Now a high school football coach, Winbush, 45, will be one of 15 former Rams who will be enshrined into the Clarence E. "Big House" Gaines Athletic Hall of Fame in September.
"The most prestigious thing an athlete can accomplish is to be inducted into a hall of fame," Winbush said on Monday. "Just to be called a hall of famer is something I'll cherish for the rest of my life."
The induction will take place Friday, Sept. 8, and the 15 will also be honored at Winston-Salem State's first home football game the next day against South Carolina State.
Winbush, who grew up in Goldsboro with nine brothers and one sister, credits his family for much of his success and will be looking up to the stands at those familiar faces on that September afternoon.
"My mother and father raised me well, and to see them, my brothers and my sister in the stands one more time will be special," he said. "They all used to come see me play."
One brother, Jeffrey, played tight end with the Rams while Michael was running the offense.
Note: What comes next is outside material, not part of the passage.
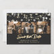 Cartões salve a data de fotos de casamento preto e ouro personalizados elegantes com uma fonte moderna. Nosso casamento salva a data mostra uma coleção de fotos de 4 imagens contra um fundo preto adornado com luzes de cordas. Personalize facilmente esse preto e ouro e salve o cartão de data com suas imagens e detalhes de casamento, incluindo um site de casamento, se desejar. Para pedidos personalizados, envie-nos uma mensagem.

He remembers when his brother was the big man on campus.
"He was an outstanding football player and a team leader," said Jeffrey, 45. "He was a great all-around player -- he ran the ball well and he threw it well, too. He was our general on the field."
Michael is modest when talking about his playing days.
"I'm just a lucky guy from Goldsboro," he said. "I had a good line in front of me during my playing days at Goldsboro and at Winston-Salem State. A lot of credit goes to my teammates."
Michael graduated from Goldsboro High in 1980, and played with the Rams from 1980-84. He signed with the Rangers in 1982, and advanced to the Triple-A level before elbow problems forced him to retire in '87.
After his playing days were over, Winbush coached 12 years at his alma mater and served those final eight years as the Rams' offensive coordinator. He moved on to Norfolk State for a year as an offensive coordinator, then served in the same capacity at Virginia State for a year.
He's now entering his second season as head football coach at Atkins High in Winston-Salem. With a young team comprised of entirely freshmen and sophomores, his squad went 1-10 in 2005.
"This year, we'll have a junior class, and the following year, we'll finally have a senior class," Winbush said. "Strength is the key -- if these guys keep working hard in the weight room, we'll improve. I expect us to be a whole lot better this year."
ESPN columnist, NBA analyst, and host of "Quite Frankly," Stephen A. Smith, will also be inducted into the Winston-Salem State Hall of Fame in September, as will Anthony Blaylock (football); Debra Rivers Johnson (cheerleader coach); Marshall Emery (men's basketball); Oronde Gadsen (football); Eddie Gregg (football); Alfred Harvey (meritorious service); Willie Jordan (football); James McLinnaham (wrestling); Marvin Morrison (football); Keith Wilkes (football); Curtis Richardson (football); Verdell Sanders (wrestling); and Allean Sims (meritorious service).